■ **Material provided**
◇ ◇ ◇ ◇
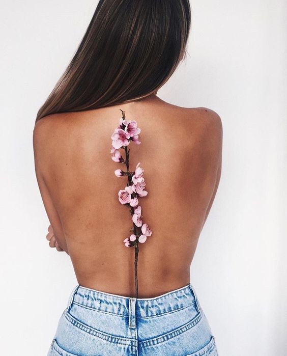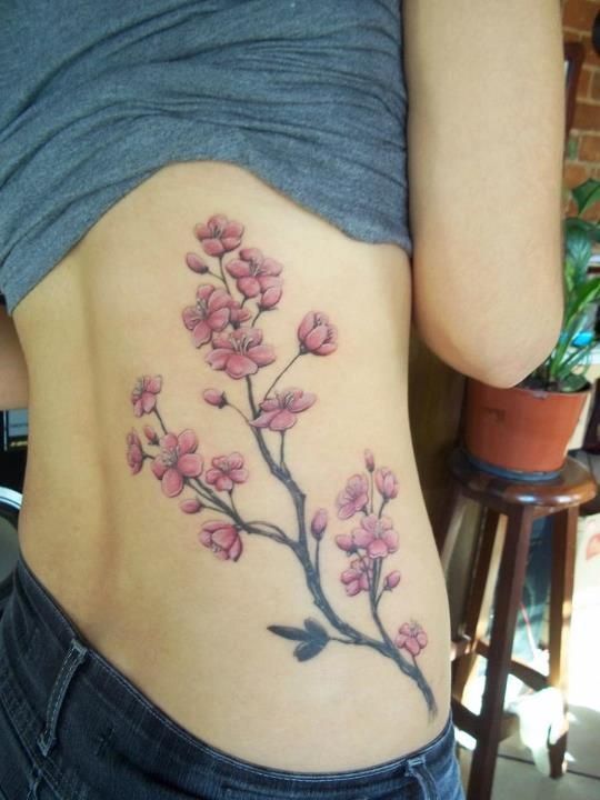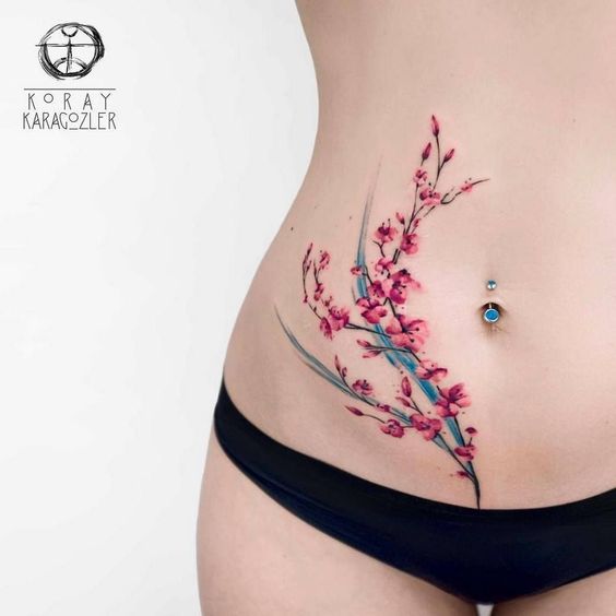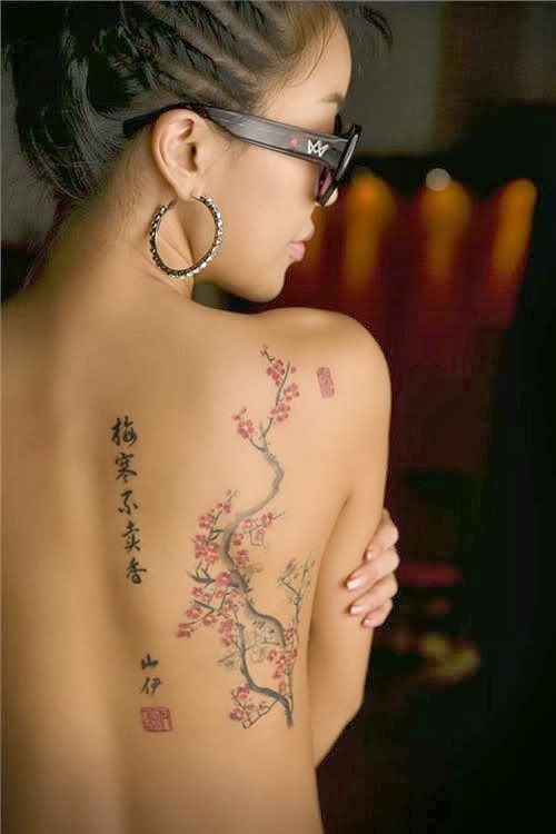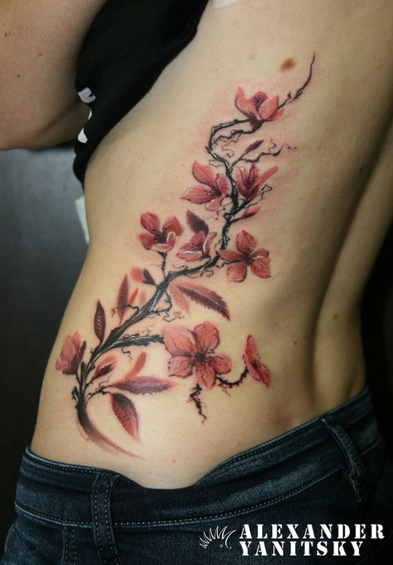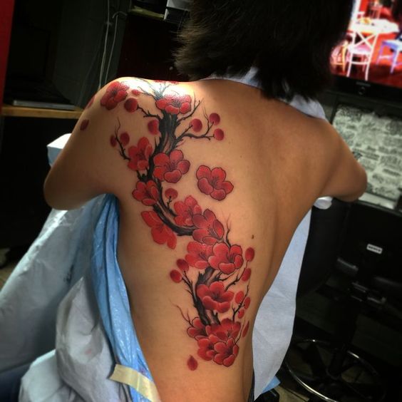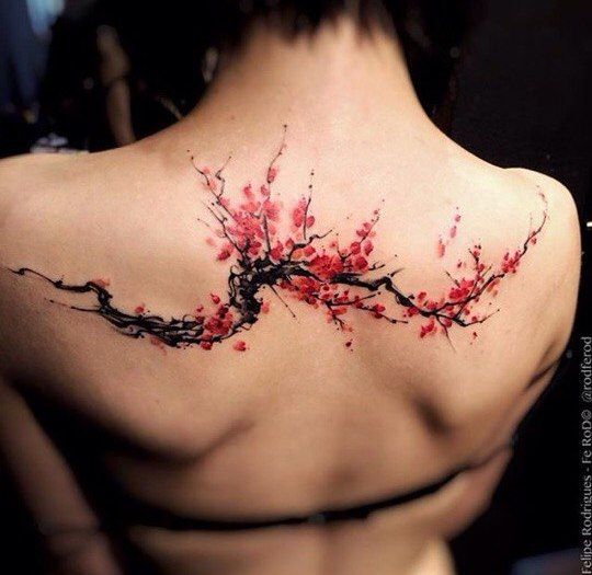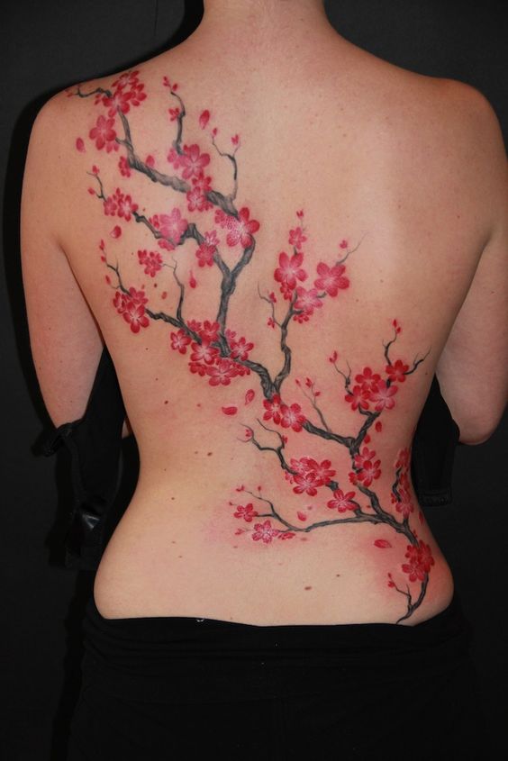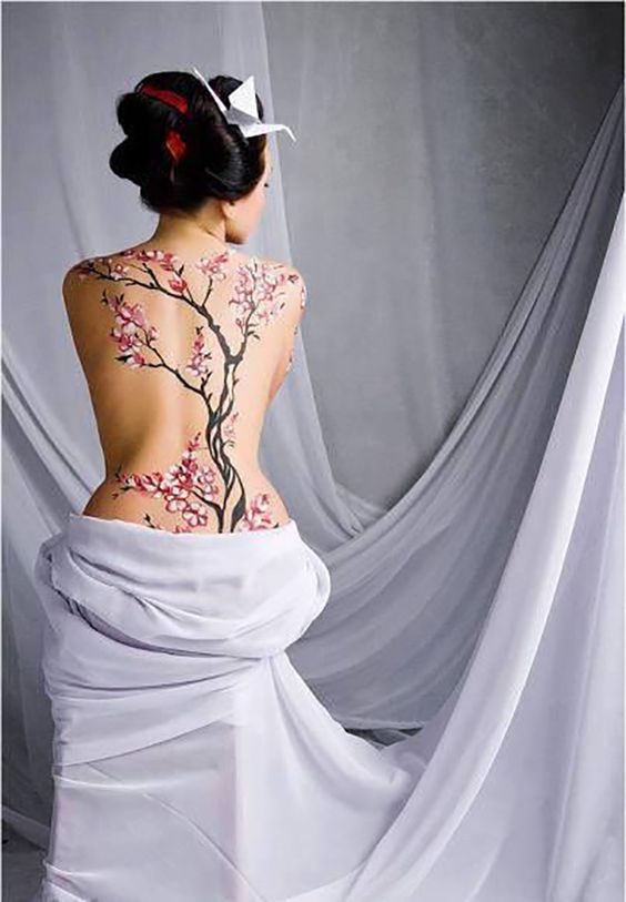 Tatouage du corps féminin avec arbre de sakura décorer. En plus de la beauté et de la sophistication, le tatouage démontre l’éducation du propriétaire. Un arbre aux fleurs épanouies est synonyme d’espoir perdu, de déception et de rêves non réalisés. Et une sakura florissante avec toute sa beauté indique le succès et les espoirs exaucés.
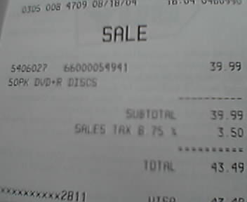![]() ![]() ![]() ![]() ![]() Pics of my exciting trip to Best Buy yesterday to buy dvdrs to rescue some data off of my corrupted 120g drive. Scored 50 dvdrs forr $40, not bad for "need it now" prices. -div ed.hunsinger.org + divmobile |
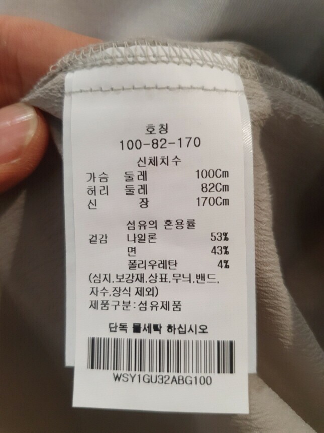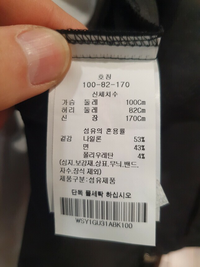 겉감 : 나일론 53% , 면 43% , 폴리우레탄 4%
◇ ◇ ◇ ◇
Skipping all images, output the listing exactly.

■ **Your solution**
 Tatouage du corps féminin avec arbre de sakura décorer. En plus de la beauté et de la sophistication, le tatouage démontre l’éducation du propriétaire. Un arbre aux fleurs épanouies est synonyme d’espoir perdu, de déception et de rêves non réalisés. Et une sakura florissante avec toute sa beauté indique le succès et les espoirs exaucés.
![]() ![]() ![]() ![]() ![]() Pics of my exciting trip to Best Buy yesterday to buy dvdrs to rescue some data off of my corrupted 120g drive. Scored 50 dvdrs forr $40, not bad for "need it now" prices. -div ed.hunsinger.org + divmobile |
 겉감 : 나일론 53% , 면 43% , 폴리우레탄 4%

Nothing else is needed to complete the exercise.